BGH, Urteil vom 23.02.2021 – VI ZR 21/20

Zum Fall

Die Beklagte führt in einer neu errichteten Sporthalle Installationsarbeiten im Sanitärbereich durch. Die Arbeiten werden im Jahr 1995 abgenommen. Im Jahr 2009 bemerkt die Eigentümerin der Halle Leckagen, für die eine unsachgemäße Ausführung der Installationsarbeiten verantwortlich ist. Das austretende Wasser hat sich hinter Wandabdichtungen und im Fußbodenaufbau verteilt. Dadurch kam es zu Durchfeuchtungen.

Die Eigentümerin ließ die hierdurch entstandenen Schäden beseitigen und verlangt von der Beklagten mit Klage vom 31.12.2012 die für die Ermittlung und Beseitigung der Schäden entstandenen Kosten im Wege des Schadensersatzes.

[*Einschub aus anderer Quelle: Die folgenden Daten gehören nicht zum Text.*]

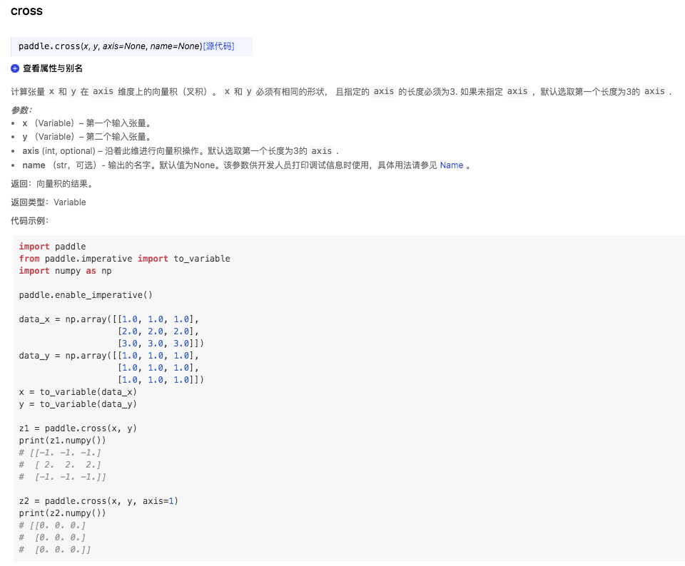 fix cross op doc for API2.0, test=develop, test=document_fix !2287

Sowohl das Landgericht Stralsund in erster Instanz sowie das OLG Rostock in zweiter Instanz hielten die Klage für unbegründet. Das OLG Rostock führt aus, dass die Errichtung der Sporthalle sowie die Installationsarbeiten der Beklagten eine Gesamtbaumaßnahme darstellten; die fehlerhafte Ausführung der Arbeiten stelle insoweit einen Mangel an der Gesamtmaßnahme dar und sei mit den entstandenen Schäden insoweit „stoffgleich“. Der sog. deliktische Anspruch scheitere aus diesem Grunde.

Zur Entscheidung

Dem folgt der BGH nicht – die Entscheidung des OLG Rostock wird aufgehoben und zurückverwiesen. Im Gegensatz zu – hier unstreitig verjährten – Mängelrechten kommt es für Ansprüche aus Delikt nicht auf die Erwartungen an, bei Erwerb eine mangelhafte Leistung zu erhalten. Maßgeblich ist daher das Interesse, durch die in Verkehr gegebene Leistung (hier: Installationsarbeiten) nicht in eigenen Rechtsgütern wie dem Eigentum verletzt zu werden (sog. Integritätsinteresse). Das Beurteilungskriterium ist die sog. Stoffgleichheit: Entspricht der Schaden dem Unwert, den die Sache wegen des Mangels von Beginn an ohnehin hatte, liegt Stoffgleichheit vor – eine deliktische Haftung kommt dann neben Mängelrechten nicht in Betracht. Ist andersrum der Mangel zunächst nur auf einen abgrenzbaren Teil einer Sache begrenzt sowie für sich genommen behebbar und führt dieser erst später zu weiteren Zerstörungen an der Sache, ist das Integritätsinteresse beeinträchtigt und der deliktische Schadensersatzanspruch ist zu erwägen (da dann keine Stoffgleichheit vorliegt). So lag der Fall für den BGH hier; die fehlerhaften Installationsarbeiten stellten einen abgrenzbaren Mangel dar, der erst später weitere Teile der Sache beschädigt hat.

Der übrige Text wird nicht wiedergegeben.